The stuff in that document is all very fundamental and basic, and doesn't seem that abstract at all to me. If you want to do mechanical theorem proving, you should be(come) familiar with that stuff. Personally I like set theory as a basis, because it is so simple and intuitiv.
Obviously, professional set theorists go way beyond what is described in this document, but to be honest, none of that more advanced stuff seems very useful to me in practical applications in technology.
> The stuff in that document is all very fundamental and basic, and doesn't seem that abstract at all to me.
I wondered the same thing. The first half of the linked paper is usually contained (if abridged) in the intro chapter of more or less any algebra/topology/analysis textbook. I don't remember Rudin's first book being an exception. Most of that material can be found in the first chapter of Rudin's "Principles" (3rd edition).
I'd say the basic topology in R^n is much more abstract (the 2nd chapter of Rudin "Principles" [3rd ed]) and it's not treated in the linked doc.
Set theory basically is the same thing as type theory, these are two schools of formal languages designed to define logics (something which is even more true for this book that seems introductory). I don't really like set theory (imho it's a pain to use rigorously formally) but type theory is cool. If you've already used typed languages in the ML/haskell family you will have a lot of intuition in constructive logic (formal reasoning in type theory is literally the same thing as programming). Shallow applications of type theory are numerous in recent developments of compilers (using types, rust can manage memory correctly and statically; in general types are a good channel between humans and compilers for high level and structured information about what they are writing, leading to tons of systematical optimizations).

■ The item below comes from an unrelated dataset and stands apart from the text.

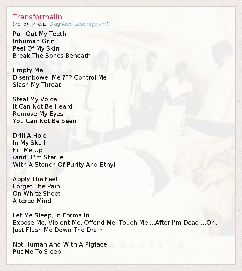 Вырвите мои зубы Нечеловеческий оскал Сдерите с меня кожу Переломайте кости Опустошите меня Потрошите меня, контролируйте меня Перережьте мне горло Отнимите у меня голос Чтобы меня не услышали Вырвите мои глаза Чтобы вас не увидели Свяжите ноги Забудь боль На белой простыне Измененное сознание Позвольте мне уснуть, в формалине Разденьте меня, оскверняйте меня, оскорбляйте меня, касайтесь меня …после моей смерти… или… Просто спустите меня в трубу Не человек, со свиным рылом Уложите меня спать

So: all kinds of typed programming languages with non trivial features being effects (monads&modalities, linear logic), structuring/interfaces (parametrized modules, type classes, translucent types, ..) or interactive theorem proving.
Tbh: I didn't read the document, only the table of contents.
I think one of the problems of set-theory and applictions is that it doesn't lend itself very well to computers. An immediate thought was software verification & theorem proving, but while it's used in modelling (for example Peano Numbers), the underlying theories should (all?) be type-theories.
But that's something i am definitly not an expert in. Maybe someone with real knowledge can help answer this!
Of course everybody interested in math & it's applications should know really basics set-stuff. But I think, while foundational, set theory is just not that important to be super proficient in! You could write all the required stuff on a single sheet of paper.
> I think one of the problems of set-theory and applications is that it doesn't lend itself very well to computers.
I might be misunderstanding what you mean here, but I'm confused by this statement. Set theory is used very often in computer science. Relational databases are essentially applied set theory.
The main reason why type theory is used for mechanized theorem proving is that developments in that area are mainly driven by computer scientists, not mathematicians. And computer scientists like their formal objects to look like programs.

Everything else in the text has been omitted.